Im Pfarrhaus von Sauris di Sotto ist hingegen das Historiographische Zentrum Sauris – Museo di Sant’Osvaldo untergebracht. Es erzählt die Geschichte der Gemeinde Sauris, insbesondere die des Kultes um den Heiligen Oswald, dem die gleichnamige Kirche geweiht ist. Diese war im 17. und 18. Jahrhundert ein wichtiges religiöses Zentrum für das gesamte Gebiet von Venetien und Friaul.

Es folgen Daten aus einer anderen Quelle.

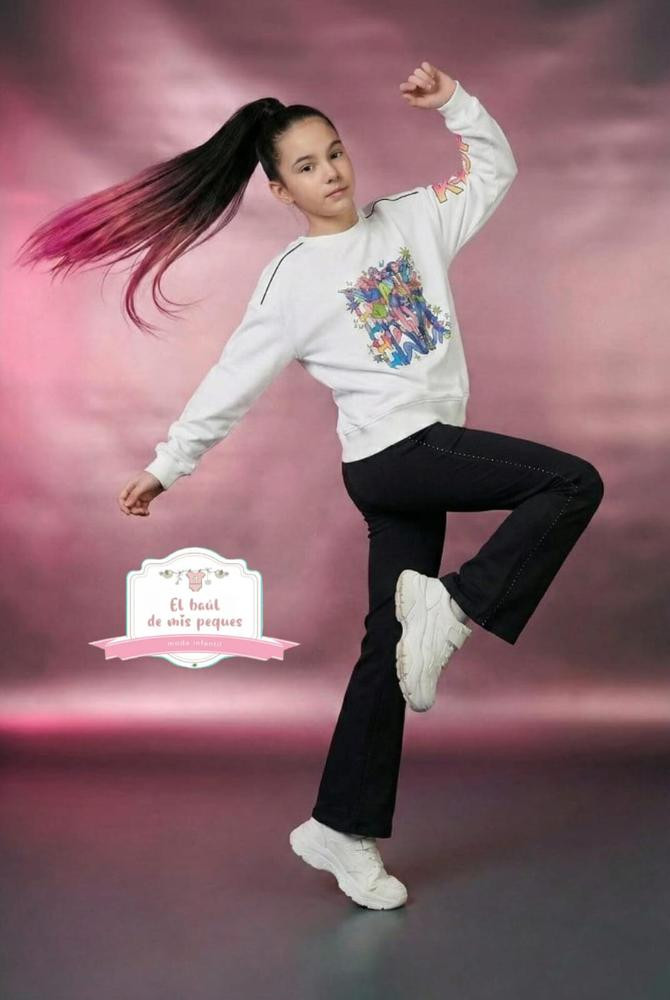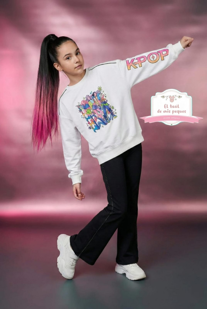 Chándal fino blanco y malla negra brillos KPOP

In der Kirche werden Pergamente aus dem 15. und 16. Jahrhundert aus dem Pfarrarchiv aufbewahrt, zusammen mit Tafelsilber, Votivgaben und verschiedenen sakralen Gegenständen wie Gewändern, Vortragekreuzen, Kelchen, Kerzenständern und Reliquienschreinen, darunter auch der Reliquienschrein des Heiligen Oswald aus dem 17. Jahrhundert.
Kirchen und Wallfahrtsorte
In Sauris hat jedes Dorf seine eigene Kirche: Die zwei wichtigsten, die wahre Schätze der Kunst und des Glaubens hüten, sind die Wallfahrtskirche Sant’Osvaldo in Sauris di Sotto und die Kirche San Lorenzo in Sauris di Sopra.
Die ersten Hinweise auf ein Gebäude, das der Verehrung des Heiligen Oswald gewidmet war, die wahrscheinlich mit den österreichischen Gründern von Sauris eingeführt wurde, stammen aus der Mitte des 14. Jahrhunderts. Im 17. und 18. Jahrhundert wurde die Wallfahrtskirche Sant’Osvaldo in Sauris zu einem der berühmtesten und renommiertesten Andachtsorte der Republik Venedig, ein Ziel für Hunderte von Pilgern aus dem Friaul, dem Cadore, den Städten Venetiens und vor allem aus Venedig. Um alle Gläubigen unterzubringen, wurde das Gebäude im Laufe der Jahrhunderte mehrmals erweitert und umgestaltet. Von außen ist das Bauwerk durch den zwiebelförmigen Glockenturm gekennzeichnet.
Die dem Heiligen Laurentius geweihte Kirche, die zu Beginn des 16. Jahrhunderts an einem Hang unterhalb des Dorfes Sauris di Sopra erbaut wurde, erinnert an eine typische Alpenkirche im Stil der deutschen Gotik. Im Inneren sind zwei wertvolle Holzaltäre erhalten.